In my case, noting that when I say snocones I'm really talking about personal spiritual beliefs, until my surprise-really-good flavor I was perfectly content to not have anything and just tough out the heat all by myself.
Nowadays, however, going into the dating game I have my favorite flavor. I might not be so sure of my own, or even what to call myself sometimes, but I do know that I like me some Christian boys.
They're not just sweet -- they're sincere, warm, gentle, honest, intentional. Trusting and trustworthy; patient, kind. Faithful. How refreshing in a world that is so often quite the opposite of all these things.
Going back to that first analogy, I'll just go ahead and say that of course, you guessed it, I was physically hungry for that boy. Starving. But what I didn't expect was the mental, emotional, spiritual hunger I felt for the beautiful person who he was.
I not only wanted to be around him, but I wanted to be like him, to learn from him, to grow with him. A fairly outspoken feminist, I actually wanted him to teach and lead me, to submit to him as the Bible instructs wives to submit to their husbands.
Before meeting him, I never would have dreamed of using these words in this way, but afterwards, I can hardly imagine not.
So here's the thing. I've liked some atheist and agnostic boys. I have really liked some spiritual boys.

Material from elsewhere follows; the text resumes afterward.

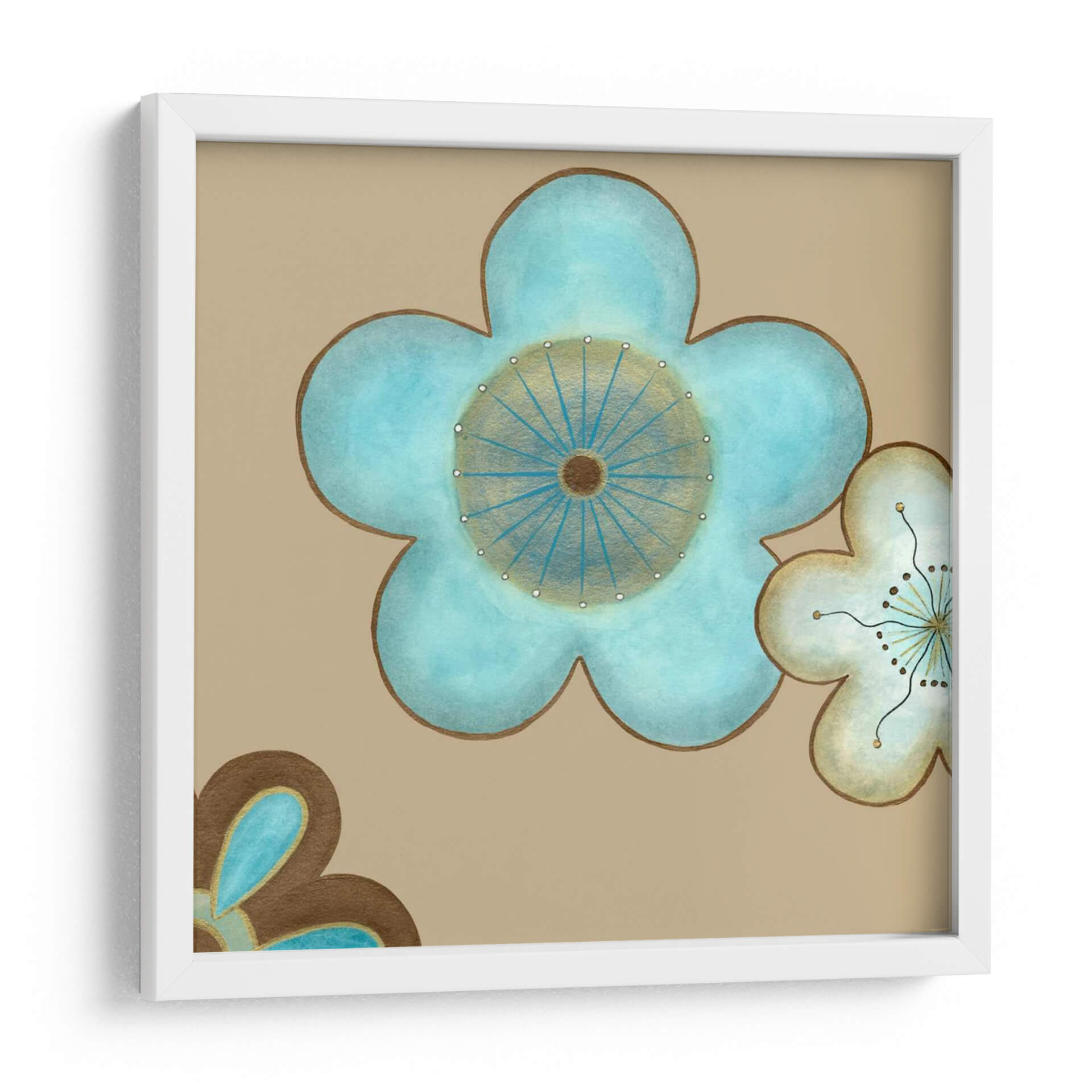 Embellece tu espacio con el encanto sereno de "Pop Flores En Azul II", una obra de arte contemporáneo que evoca la delicadeza de la naturaleza con un toque moderno. Esta pieza presenta dos flores estilizadas en tonos azules y blancos, contrastando armoniosamente sobre un fondo cálido color canela. Los detalles dorados y las líneas finas en el centro de las flores añaden un toque de sofisticación y brillo sutil, creando un punto focal cautivador. El diseño, con sus contornos suaves y paleta de colores tranquilizadora, se inspira en formas florales orgánicas pero las reinterpreta con una estética limpia y gráfica. Es ideal para añadir una nota de color y vitalidad a cualquier habitación, desde salones y comedores hasta dormitorios o estudios. "Pop Flores En Azul II" es más que un simple cuadro decorativo; es una invitación a la contemplación y una expresión de estilo personal que aportará una atmósfera de calma y elegancia a tu hogar u oficina, complementando una amplia gama de estilos decorativos, desde el minimalista hasta el bohemio.

I love those college boys with their head in the clouds, thinking up big ideas and one-hundred-and-one-ways to answer the question "What is the meaning of life?"; I am just like them.
But I love, no, yearn, for a Christian boy.
To be my rock in my swirling sea of ideals and ideas. To be my rod and my staff. For I walk in the valley of the shadow of death, and I'm going to need my light on a hill, some salt of the earth. So, please, God, don't give me a worldly boy, but if You must, please let his heart be rooted in You, so that through him, I can finally be too. Because that's my exact taste in men.